This Miami-Dade city is ranked as one of the least diverse. How could that be?
Hialeah “homogeneous?” Yes, according to a WalletHub comparison of 501 U.S. cities.
Hialeah’s very different than the average U.S. city. Yet, there’s enough sameness within its borders that it ranked as the fourth least diverse city when WalletHub used U.S Census American Community Survey to rank municipalities.
Hialeah is downright exotic compared to the three less diverse cities. There are two West Virginia cities, Parkersburg and Clarksburg, Watertown, South Dakota. The city that’s right behind Hialeah in everyone being alike — Rutland, Vermont — can claim to be the whitest city, 95.45 percent.

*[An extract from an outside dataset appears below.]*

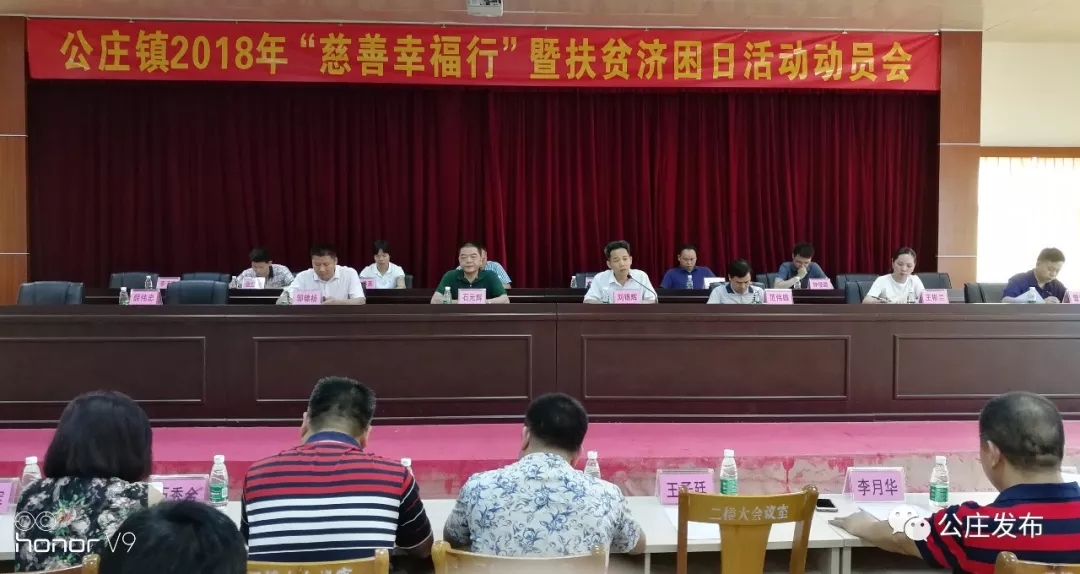 為廣泛動員社會力量共同參與公莊全民慈善行動和扶貧濟困日活動,根據市、縣相關文件精神,2018年6月29日上午,公莊鎮在政府二樓大會議室組織召開2018年“慈善興福行”暨扶貧濟困日活動動員會。會議由鎮委副書記劉錦輝主持,鎮人大副主席曾宏林作活動布置發言。鎮三套班子成員、政府全體機關干部、各村(社區)黨支部書記、主任,圩鎮部門負責人,企業、學校負責人共300多人參加會議。

Hialeah has the highest concentration of Hispanics (95.64 percent), Spanish speakers as a first language (92.25 percent), foreign-born residents (72.75 percent) and the lowest concentration of white non-Hispanics (3.39 percent), ethnicities other than Hispanic, white, black or Asian (0.13 percent), people born in the U.S. South (0.79 percent) and English speakers as a first language (7.22 percent).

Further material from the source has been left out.